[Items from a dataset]
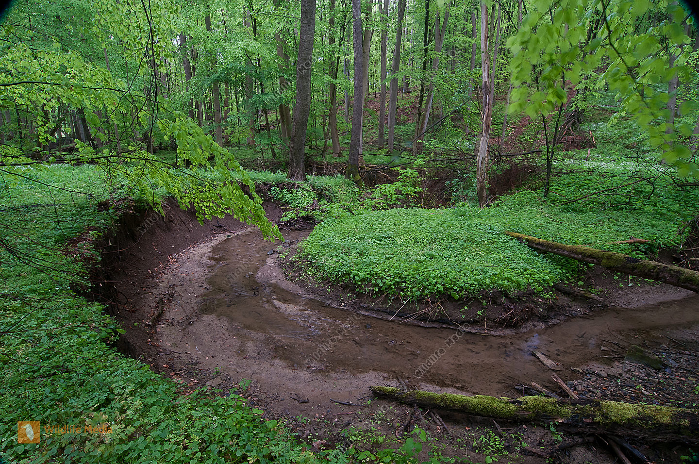 Laubwald Sommer Waldbach
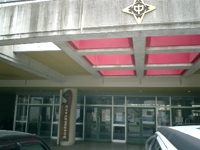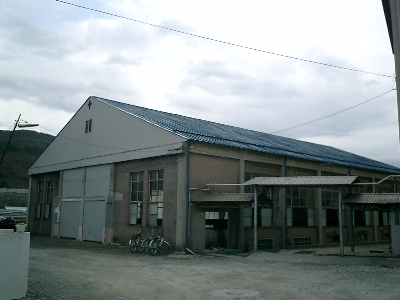 | 生徒が「キュウタイ」と呼ぶ体育館。 老朽化が激しい感じ。 バスケ部が練習していました。 |
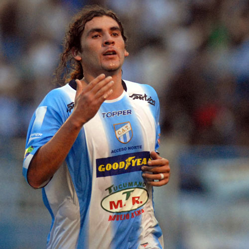 SIN ALIENTO. Aragón, agotado, sale a festejar con los suyos su gran gol. LA GACETA / FRANCO VERA
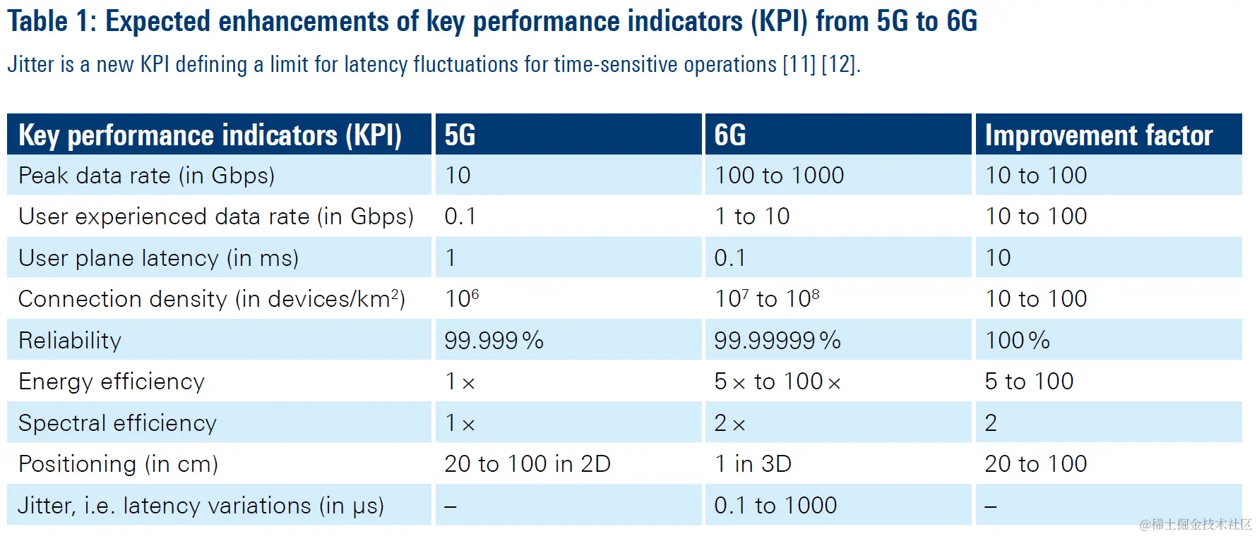 虽然未来的 6G 应用场景仍需定义,与 5G 相比很显然,在 数据速率、延迟、频谱效率、安全性、可靠性 和 能耗 等方面的性能要求将更加苛刻。这也将影响 处理架构:信息技术和通信技术将进一步融合,即大量的数据处理将在分布式网络系统中进行,而不一定在最终的用户设备中进行。这将导致具有挑战性的数据速率和延迟要求。计算能力可以脱离到与设备分离的云或边缘网络(从而降低终端成本)。
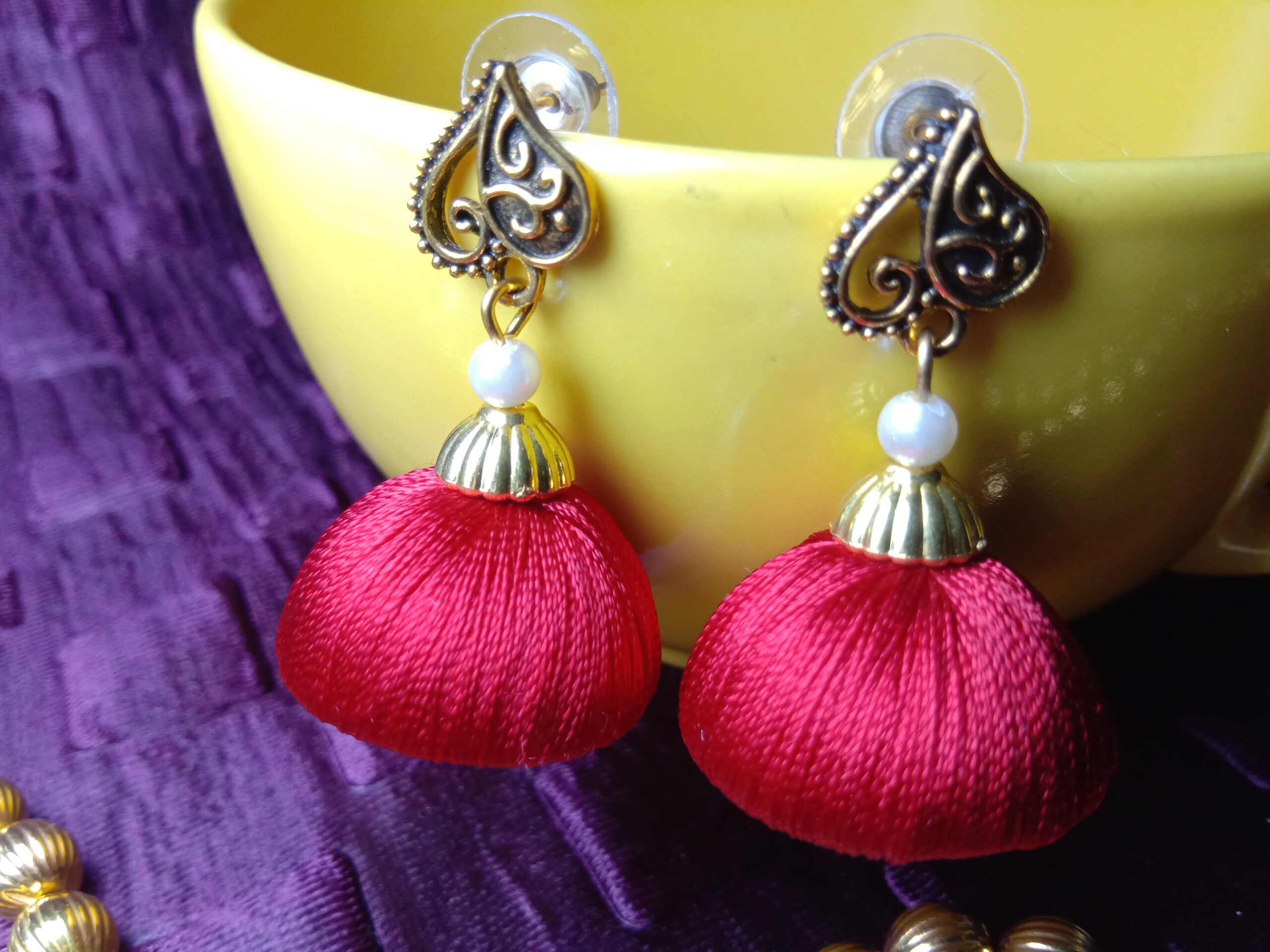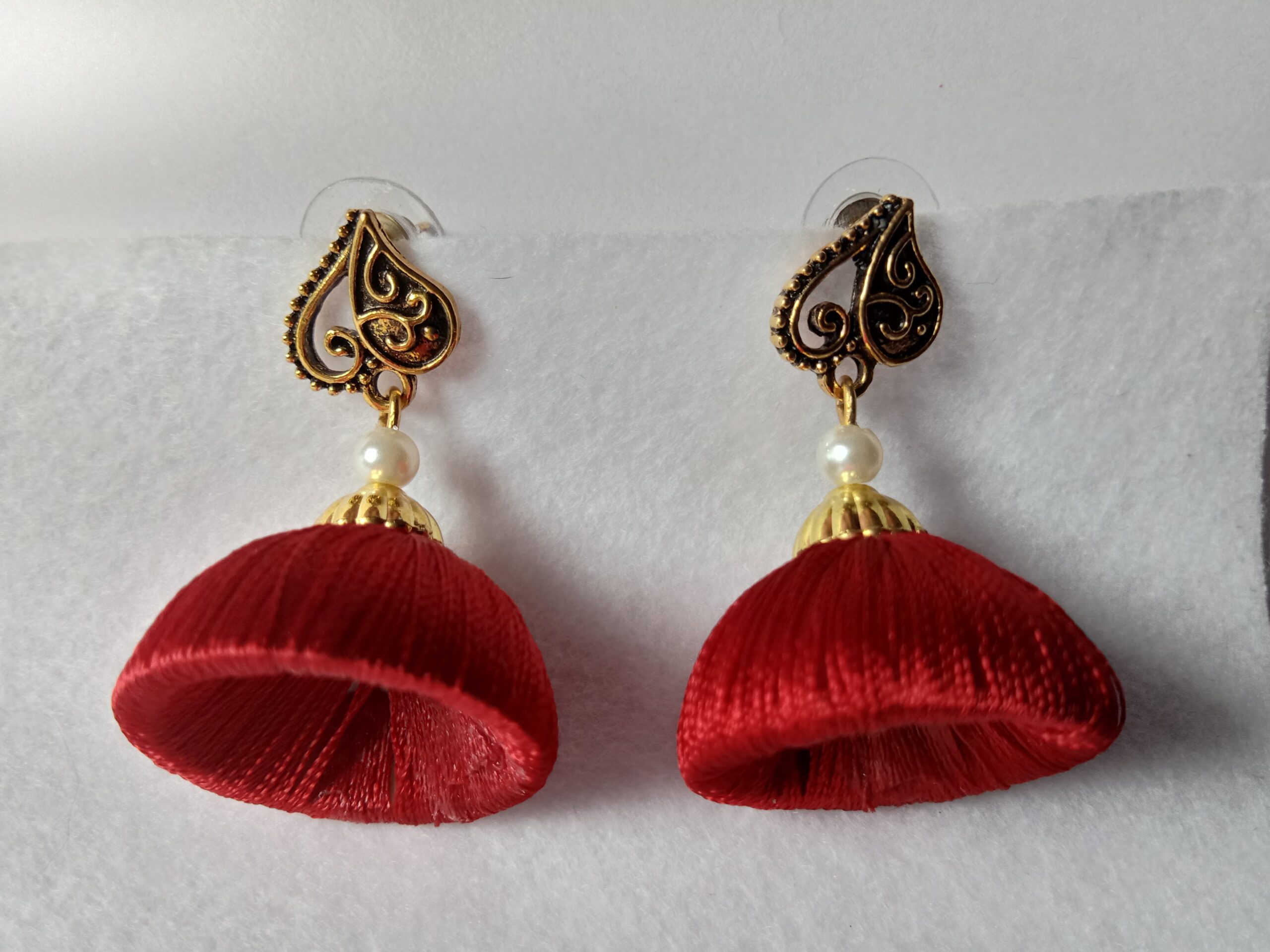 Be the first to review “Red Silk Thread Medium Size Jhumkas With Metal Heart Shape Brass Stud”
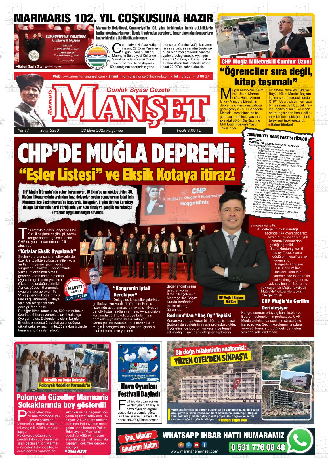 Muğla Yerel Gazeteleri 23 Ekim 2025, Perşembe Günü Manşeti
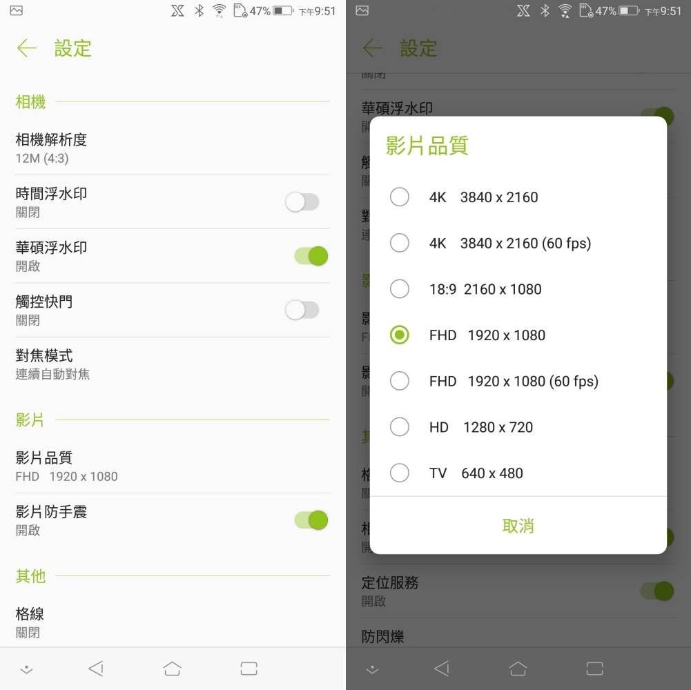如果想要有 ROG 玩家共和國的浮水印,可以到設定中開啟華碩浮水印,另外錄影的品質可達 4K 60fps,非常的驚人,且不用擔心錄影熱當的問題,ROG Phone 散熱非常強,畢竟是電競手機啊!字典裡沒有熱當這二個字啊。
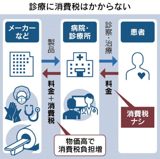 公的な保険診療は、国民の命を守るのが役割であることにより、消費という扱いにはなじまないため非課税となっており、患者が消費税を払うことはありません。しかし、医療機関が機器などを購入するのは消費という位置付けで、消費税を払う必要があります。この差分のコストは、国が定める初診料などの診療報酬にあらかじめ含む形で手当てしています。問題は物価高で消費税が総じて重くなってきています。
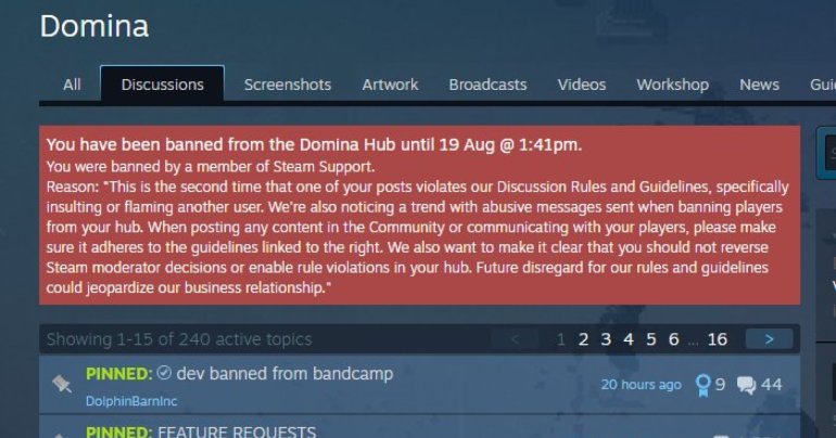 นักพัฒนาเกมจาก Dolphin Barn Incorporated ถูกแบนจากกระดานสนทนาของเกม Domina ที่ทางค่ายพัฒนาขึ้นเองบน Steam หลังละเมิดกฎจากที่ไปหยาบคายใส่แฟนเกมบนกระดานสนทนาแห่งนี้
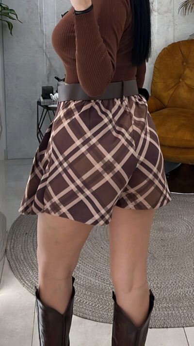 Φουστοσορτσάκι Καρό Σουέτ 18833/Καφέ
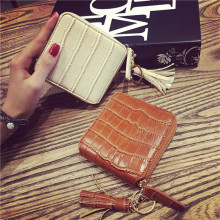 新款正方形钱包小鳄鱼纹流苏钱包挂饰短款两折拉链复古简约女

ACTIVITY:
Reproduce the lines above exactly, image-free.

EXPECTED ANSWER:
 Laubwald Sommer Waldbach
 | 生徒が「キュウタイ」と呼ぶ体育館。 老朽化が激しい感じ。 バスケ部が練習していました。 |
 SIN ALIENTO. Aragón, agotado, sale a festejar con los suyos su gran gol. LA GACETA / FRANCO VERA
 虽然未来的 6G 应用场景仍需定义,与 5G 相比很显然,在 数据速率、延迟、频谱效率、安全性、可靠性 和 能耗 等方面的性能要求将更加苛刻。这也将影响 处理架构:信息技术和通信技术将进一步融合,即大量的数据处理将在分布式网络系统中进行,而不一定在最终的用户设备中进行。这将导致具有挑战性的数据速率和延迟要求。计算能力可以脱离到与设备分离的云或边缘网络(从而降低终端成本)。
 Be the first to review “Red Silk Thread Medium Size Jhumkas With Metal Heart Shape Brass Stud”
 Muğla Yerel Gazeteleri 23 Ekim 2025, Perşembe Günü Manşeti
如果想要有 ROG 玩家共和國的浮水印,可以到設定中開啟華碩浮水印,另外錄影的品質可達 4K 60fps,非常的驚人,且不用擔心錄影熱當的問題,ROG Phone 散熱非常強,畢竟是電競手機啊!字典裡沒有熱當這二個字啊。
 公的な保険診療は、国民の命を守るのが役割であることにより、消費という扱いにはなじまないため非課税となっており、患者が消費税を払うことはありません。しかし、医療機関が機器などを購入するのは消費という位置付けで、消費税を払う必要があります。この差分のコストは、国が定める初診料などの診療報酬にあらかじめ含む形で手当てしています。問題は物価高で消費税が総じて重くなってきています。
 นักพัฒนาเกมจาก Dolphin Barn Incorporated ถูกแบนจากกระดานสนทนาของเกม Domina ที่ทางค่ายพัฒนาขึ้นเองบน Steam หลังละเมิดกฎจากที่ไปหยาบคายใส่แฟนเกมบนกระดานสนทนาแห่งนี้
 Φουστοσορτσάκι Καρό Σουέτ 18833/Καφέ
 新款正方形钱包小鳄鱼纹流苏钱包挂饰短款两折拉链复古简约女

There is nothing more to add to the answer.